## Exercise aim
Once the records have been read, set every one down as it stands.

## Recorded data

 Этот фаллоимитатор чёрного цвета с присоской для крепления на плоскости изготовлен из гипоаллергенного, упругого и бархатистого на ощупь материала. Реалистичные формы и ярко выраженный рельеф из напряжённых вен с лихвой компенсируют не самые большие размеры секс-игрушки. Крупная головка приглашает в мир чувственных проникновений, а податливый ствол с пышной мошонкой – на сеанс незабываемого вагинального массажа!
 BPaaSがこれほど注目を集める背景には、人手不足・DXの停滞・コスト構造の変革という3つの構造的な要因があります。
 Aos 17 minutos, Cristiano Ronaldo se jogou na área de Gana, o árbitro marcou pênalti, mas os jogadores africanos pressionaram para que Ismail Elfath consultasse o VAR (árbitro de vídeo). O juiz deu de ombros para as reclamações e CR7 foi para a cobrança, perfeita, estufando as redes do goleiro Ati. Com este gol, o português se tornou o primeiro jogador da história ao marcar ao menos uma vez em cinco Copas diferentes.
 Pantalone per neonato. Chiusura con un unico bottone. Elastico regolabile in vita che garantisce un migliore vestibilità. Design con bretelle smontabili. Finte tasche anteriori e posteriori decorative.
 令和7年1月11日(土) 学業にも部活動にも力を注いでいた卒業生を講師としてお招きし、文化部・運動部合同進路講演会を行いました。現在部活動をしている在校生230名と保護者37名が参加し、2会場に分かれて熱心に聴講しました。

## Written solution
 Этот фаллоимитатор чёрного цвета с присоской для крепления на плоскости изготовлен из гипоаллергенного, упругого и бархатистого на ощупь материала. Реалистичные формы и ярко выраженный рельеф из напряжённых вен с лихвой компенсируют не самые большие размеры секс-игрушки. Крупная головка приглашает в мир чувственных проникновений, а податливый ствол с пышной мошонкой – на сеанс незабываемого вагинального массажа!
 BPaaSがこれほど注目を集める背景には、人手不足・DXの停滞・コスト構造の変革という3つの構造的な要因があります。
 Aos 17 minutos, Cristiano Ronaldo se jogou na área de Gana, o árbitro marcou pênalti, mas os jogadores africanos pressionaram para que Ismail Elfath consultasse o VAR (árbitro de vídeo). O juiz deu de ombros para as reclamações e CR7 foi para a cobrança, perfeita, estufando as redes do goleiro Ati. Com este gol, o português se tornou o primeiro jogador da história ao marcar ao menos uma vez em cinco Copas diferentes.
 Pantalone per neonato. Chiusura con un unico bottone. Elastico regolabile in vita che garantisce un migliore vestibilità. Design con bretelle smontabili. Finte tasche anteriori e posteriori decorative.
 令和7年1月11日(土) 学業にも部活動にも力を注いでいた卒業生を講師としてお招きし、文化部・運動部合同進路講演会を行いました。現在部活動をしている在校生230名と保護者37名が参加し、2会場に分かれて熱心に聴講しました。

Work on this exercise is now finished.